Corpus
Video Lectures
For Developers
You can also see Java, Python,
Cython, Swift,
C++, or C# repository.
Requirements
Node.js
To check if you have a compatible version of Node.js installed, use the following command:
node -v
You can find the latest version of Node.js here.
Git
Install the latest version of Git.
Npm Install
npm install nlptoolkit-corpus
Download Code
In order to work on code, create a fork from GitHub page.

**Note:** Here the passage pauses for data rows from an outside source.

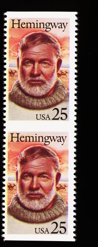 797 nh 2418a image#2418a, 25c Ernest Hemingway, vertical pair, imperforate horizontally, exceptionally choice example of this important perforation error which is listed but unpriced in both the Scott and Datz catalogs, well centered, o.g., n.h., very fine; only twelve error pairs exist, six of which are faulty; 2001 PF certificate. (Image) Est. 1,000-1,500
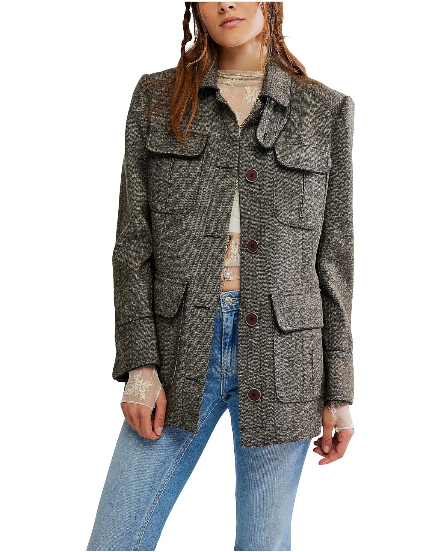 • A classic, tailored layer, the Free People™ Renaux Officer Jacket features classic utility design and timeless herringbone fabrication for endless sophisticated styling. This sleek jacket is designed with long sleeves, buttoned cuffs, a collared neckline, and a straight hem. The buttoned front closure offers easy wear, while the cinching back strap ensures a flattering fit. This button-down jacket works for different occasions.
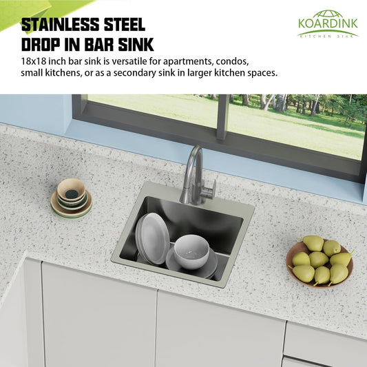 18x18 In Drop In Kitchen And Bar Sink- Stainless Steel Drop In Kitchen Sink Modern Single Bowl Topmount Bar Sink With Silicon Mat,Drain Strainer Set Compatibility With Various Kitchen & Bar Style

Use Git for cloning the code to your local or below line for Ubuntu:
git clone <your-fork-git-link>
A directory called util will be created. Or you can use below link for exploring the code:
git clone https://github.com/starlangsoftware/corpus-js.git
Open project with Webstorm IDE
Steps for opening the cloned project:
- Start IDE
- Select File | Open from main menu
- Choose
Corpus-Js
file - Select open as project option
- Couple of seconds, dependencies will be downloaded.
Detailed Description
Corpus
To store a corpus in memory
a = Corpus("derlem.txt");
If this corpus is split with dots but not in sentences
constructor(fileName: string = undefined, splitterOrChecker: SentenceSplitter = undefined)

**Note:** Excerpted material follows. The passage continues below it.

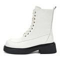 Минималистичные молочные ботинки с высокой шнуровкой. Материал верха - матовая кожа из спилка. Подкладка и стелька утеплены натуральной шерстью для оптимальной терморегуляции стоп. Высокая контрастная подошва из материала ТЭП отличается легкостью, морозоустойчивостью и хорошим сцеплением в любой поверхностью. Модель с удобной застежкой на молнию.

To eliminate the non-Turkish sentences from the corpus
constructor(fileName: string = undefined, splitterOrChecker: LanguageChecker = undefined)
The number of sentences in the corpus
sentenceCount(): number
To get ith sentence in the corpus
getSentence(index: number): Sentence
TurkishSplitter
TurkishSplitter class is used to split the text into sentences in accordance with the . rules of Turkish.
split(line: string): Array<Sentence>